Add support for new export formats:

from plane.utils.exporters import Exporter, BaseFormatter

class XMLFormatter(BaseFormatter):
    def format(self, filename, records, schema_class, options=None):
        # Implementation
        return (f"{filename}.xml", xml_content)

# Register the formatter
Exporter.register_formatter("xml", XMLFormatter)

# Use it
exporter = Exporter(format_type="xml", schema_class=MySchema)

✅ Checking Available Formats

formats = Exporter.get_available_formats()
# Returns: ['csv', 'json', 'xlsx']

🔍 Filtering Fields

Pass a fields parameter to export only specific fields:

# Export only specific fields
exporter = Exporter(format_type="csv", schema_class=MySchema)
filename, content = exporter.export(
    "filtered_data",
    queryset,
    fields=["id", "name", "email"]
)

🎯 Extending Schemas

Create extended schemas by inheriting from existing ones and overriding get_context_data():

class ExtendedIssueExportSchema(IssueExportSchema):
    custom_field = JSONField(label="Custom Data")

    def prepare_custom_field(self, obj):
        # Use pre-fetched data from context
        return self.context.get("custom_data", {}).get(obj.id, {})

    @classmethod
    def get_context_data(cls, queryset):
        # Get parent context (attachments, etc.)
        context = super().get_context_data(queryset)

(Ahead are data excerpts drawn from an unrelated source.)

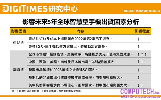 2022年11月2日--DIGITIMES研究中心分析師林俊吉綜合供應鏈訊息、各區域市場狀況及觀察全球政經走勢分析,下調2022年全球智慧型手機預估出貨量至11.7億支水準,年衰退10.7%;展望未來5年,COVID-19(新冠肺炎)疫情、烏俄戰爭、美國升息及全球通膨等負面影響將逐年減小,而5G換機潮及新興市場功能手機用戶換購低價智慧型手機的趨勢持續,市場將回復成長,林俊吉預估每年出貨成長率將落在2~9%,年複合成長率(CAGR)估4.8%。
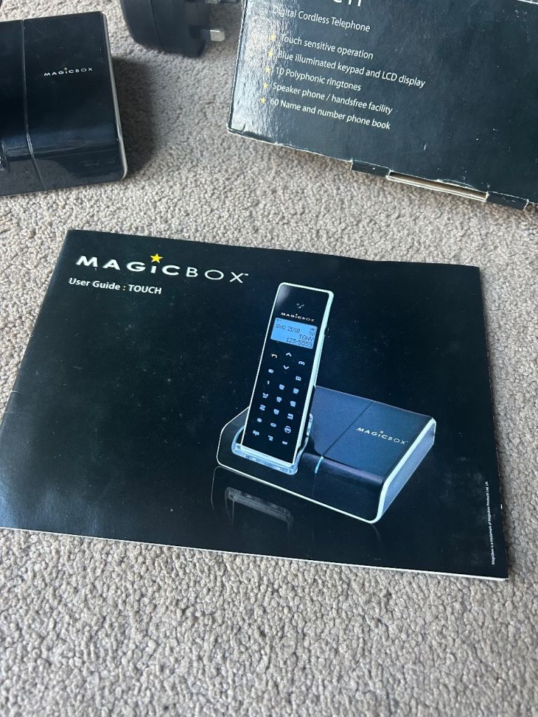 Magicbox Touch digital cordless phone set with box and instructions booklet.
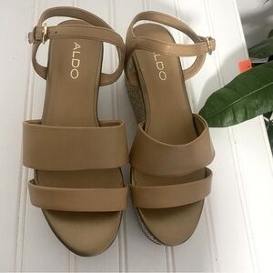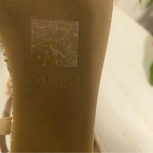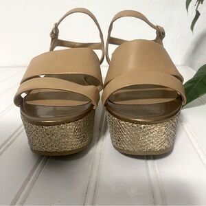 Aldo Women’s Tan with Gold Chunky Platform Sandals Y2K Size 6 Flaw On One Shoe
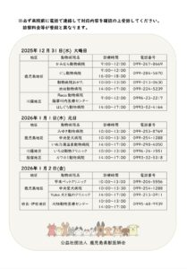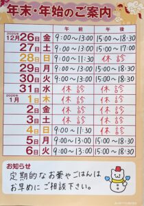 年末年始の休診のお知らせになります

        # Add your custom pre-fetched data
        context["custom_data"] = fetch_custom_data(queryset)

        return context

💾 Manual Serialization

If you need to serialize data without exporting, you can use the schema directly:

# Serialize a queryset to a list of dicts
data = MySchema.serialize_queryset(queryset, fields=["id", "name"])

# Or serialize a single object
schema = MySchema()
obj_data = schema.serialize(obj)

💡 Example: IssueExportSchema

The IssueExportSchema demonstrates a complete implementation:

from plane.utils.exporters import Exporter, IssueExportSchema

# Simple export - just pass the queryset!
issues = Issue.objects.filter(project_id=project_id)
exporter = Exporter(format_type="csv", schema_class=IssueExportSchema)
filename, content = exporter.export("issues", issues)

# Export specific fields only
filename, content = exporter.export(
    "issues_filtered",
    issues,
    fields=["id", "name", "state_name", "assignees", "labels"]
)

# Export multiple projects to separate files
for project_id in project_ids:
    project_issues = issues.filter(project_id=project_id)
    filename, content = exporter.export(f"issues-{project_id}", project_issues)
    # Save or upload each file

Key features:

🔗 Access to related models via dotted paths
🎯 Custom preparers for complex fields
📎 Context-based attachment handling via get_context_data()
📋 List and JSON field handling
📅 Date/datetime formatting

✨ Best Practices

🚄 Avoid N+1 Queries: Override get_context_data() to pre-fetch related data:

@classmethod
def get_context_data(cls, queryset):
    return {
        "attachments": get_attachments_dict(queryset),
        "comments": get_comments_dict(queryset),
    }

🏷️ Use Labels: Provide descriptive labels for better export headers:

created_at = DateTimeField(source="created_at", label="Created At")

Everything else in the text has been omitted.